102574: [AtCoder]ABC257 E - Addition and Multiplication 2

Problem Statement

Takahashi has an integer $x$. Initially, $x=0$.

Takahashi may do the following operation any number of times.

• Choose an integer $i\ (1\leq i \leq 9)$. Pay $C_i$ yen (the currency in Japan) to replace $x$ with $10x + i$.

Takahashi has a budget of $N$ yen. Find the maximum possible value of the final $x$ resulting from operations without exceeding the budget.

Constraints

• $1 \leq N \leq 10^6$
• $1 \leq C_i \leq N$
• All values in input are integers.

Input

Input is given from Standard Input in the following format:

$N$
$C_1$ $C_2$ $\ldots$ $C_9$

Output

Print the answer.

Sample Input 1

5
5 4 3 3 2 5 3 5 3

Sample Output 1

95

For example, the operations where $i = 9$ and $i=5$ in this order change $x$ as:

$0 \rightarrow 9 \rightarrow 95$.

The amount of money required for these operations is $C_9 + C_5 = 3 + 2 = 5$ yen, which does not exceed the budget. Since we can prove that we cannot make an integer greater than or equal to $96$ without exceeding the budget, the answer is $95$.

Sample Input 2

20
1 1 1 1 1 1 1 1 1

Sample Output 2

99999999999999999999

Note that the answer may not fit into a $64$-bit integer type.

问题描述

高桥有一个整数$x$。最初，$x=0$。

高桥可以任意多次执行以下操作。

• 选择一个整数$i\ (1\leq i \leq 9)$。支付$C_i$日元（日本的货币）将$x$替换为$10x + i$。

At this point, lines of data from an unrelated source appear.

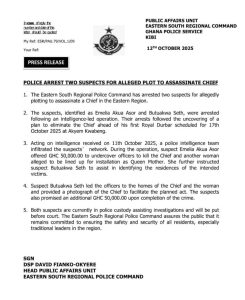 The suspects, identified as Emelia Akua Asor and Butuakwa Seth, were picked up during an intelligence-led operation that uncovered their plan to eliminate the chief ahead of his first Royal Durbar, scheduled for October 17, 2025, at Akyem Kwabeng.
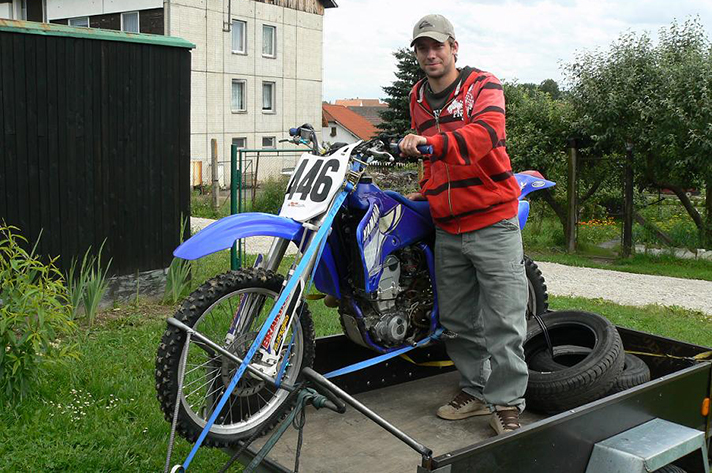 Hned první víkend jsme vyrazili na projížďku. Honza V. nám chtěl ukázat jak ta jeho Yamaha valí, ale po pár kilometrech nám ukázal jak se válí úplně vyčerpaný ve vodní lázni. (když se potřebuje člověk zchladit, tak i kaluž pomůže). Další, kdo si pořídil nový stroj, byl Honza Š., který ke svému XR-ku pořídil ještě CRF 450. Zřejmě ho Honda očarovala - čemuž rozumím. Tentokrát naše cesta směřovala na motokrosovou dráhu do Kaplice. Účast byla hodně bídná, ale ti, co jeli, si to pořádně užívali.
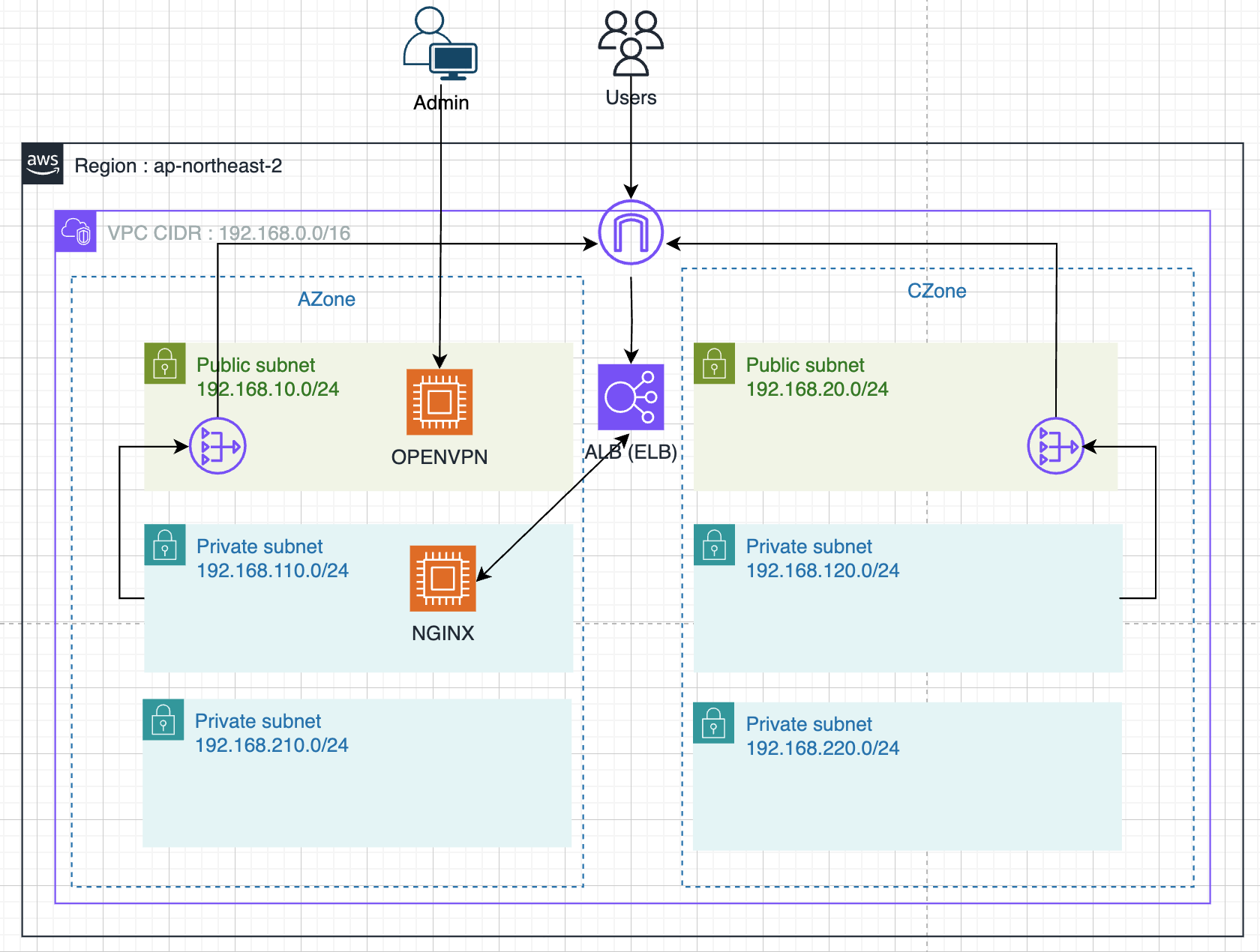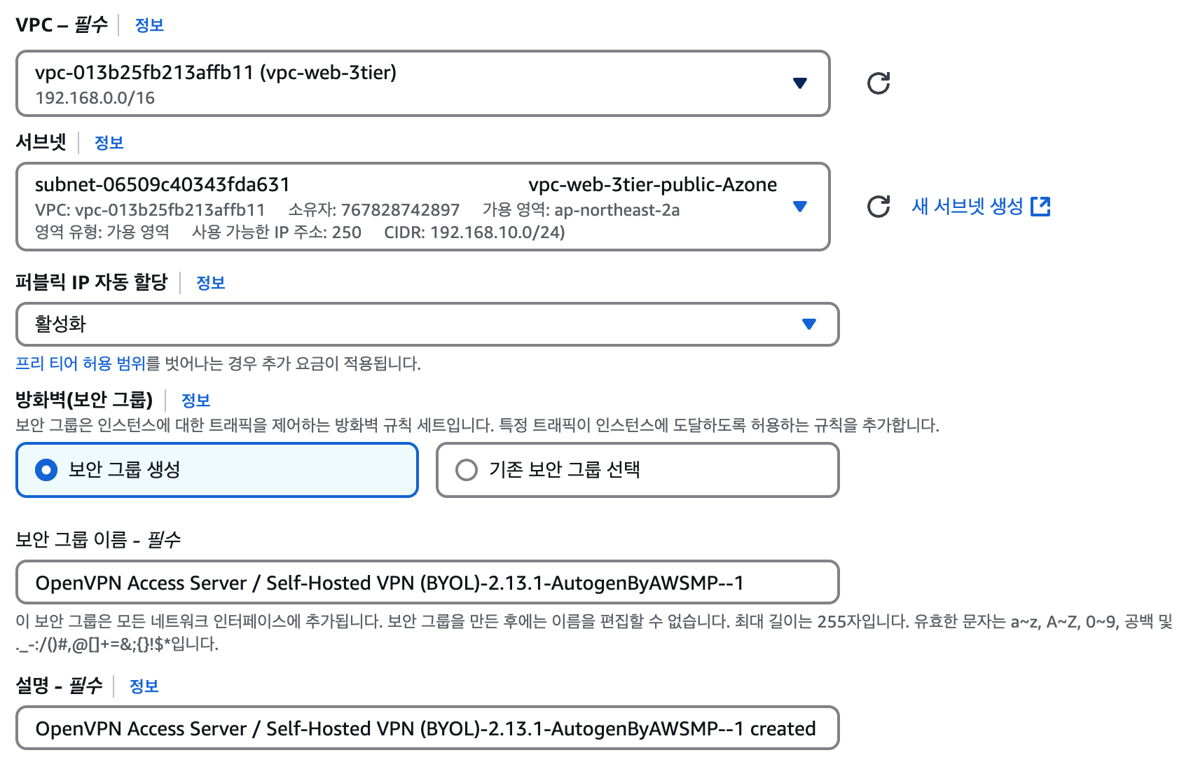- OpenVPN: VPN 연결을 통해 사용자가 Private Subnet의 리소스에 접근할 수 있도록 해주는 역할

高桥有一个预算$N$日元。在不超过预算的情况下，求通过操作得到的最终$x$的最大可能值。

约束

• $1 \leq N \leq 10^6$
• $1 \leq C_i \leq N$
• 输入中的所有值都是整数。

输入

从标准输入按照以下格式给出输入：

$N$
$C_1$ $C_2$ $\ldots$ $C_9$

输出

打印答案。

样例输入1

5
5 4 3 3 2 5 3 5 3

样例输出1

95

例如，按照顺序执行操作$i = 9$和$i=5$会改变$x$为：

$0 \rightarrow 9 \rightarrow 95$。

这些操作所需的费用为$C_9 + C_5 = 3 + 2 = 5$日元，不超过预算。由于我们可以在不超过预算的情况下证明无法将整数变为大于或等于$96$的数，因此答案为$95$。

样例输入2

20
1 1 1 1 1 1 1 1 1

样例输出2

99999999999999999999

请注意，答案可能无法容纳到$64$位整数类型中。